BMW 3-Series gets lean and green for the Olympics

19 December 2011

BMW 320d

BMW was kind enough to invite me to its annual media party, held late last week, which gave me the unfamiliar opportunity to rub shoulders with people I’d previously only seen in the pages of car magazines and on the telly.

It was also an opportunity to see some of the cars BMW will be using next year to ferry athletes and VIPs around during the 2012 London Olympics, including the newly minted 3-Series saloon.

BMW 320d front

This was the first time I’d seen the new 3-Series face-to-face. And head-on is indeed the best way to be sure you’re looking at the new F30-generation car, because from the side and rear it’s hard to be sure. The swooping curves and sharp creases of the outgoing E90 edition of the 3-Series made it instantly distinct from the older and less sculpted E46 design, but this time around the update is much more evolutionary. The crease running along the shoulder line now dips more noticeably towards the front wheel, the boot looks a little more upright, but only the nose is truly distinct.

3-Series nose

The reshaped lamps, which now flow seamlessly into the twin kidney grilles, are immediately noticeable. Further up, the front edge of the bonnet no longer slices through the top of the grilles, instead running a few inches further back, creating a softer, all-plastic nose to help spare the legs of unfortunate pedestrians.
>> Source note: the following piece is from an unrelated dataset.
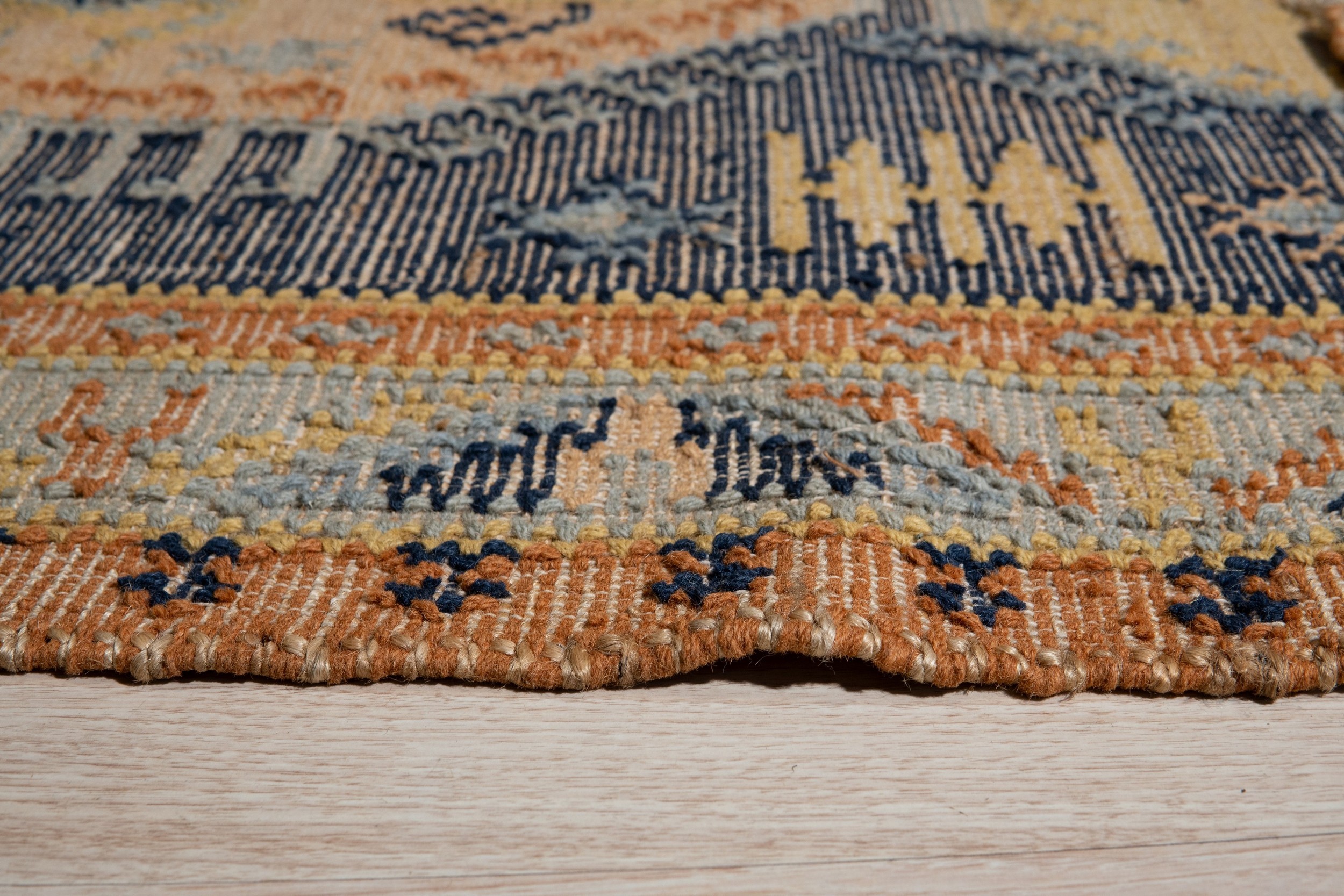 The robust construction and tightly woven surface make the Luna Kilim an ideal choice for busy living spaces or high-traffic areas. Its linear structure and adaptable dimensions make it particularly well-suited for use as one of our premium hallway runner rugs, bringing both defined pattern and rich color to transitional corridors.

Inside, the best place to notice the new design is lounging in the bigger back seats. The latest car is 93mm longer overall and 50mm longer in the wheelbase than its predecessor, yielding a hand-span of extra room in the rear. And despite the extra size, the new car is 40kg lighter, which should yield benefits in agility as well as economy.

Existing EfficientDynamics features, designed to save fuel, carry over from the previous model or have been improved. These include an alternator that charges the battery only when the car is slowing down, ancillaries such as an aircon compressor, oil pump and coolant pump that disconnect from the engine when not required, electric power steering that draws power only when the wheel is being turned, and a dashboard shift indicator to help the driver save fuel.

Eco Pro switch

A stop-start function, which avoids wasting fuel when the car is stationary, now operates with the automatic gearbox as well as the manual. The new eight-speed automatic is actually more economical than the six-speed manual, although it does increase the price by a hard to ignore £1,525.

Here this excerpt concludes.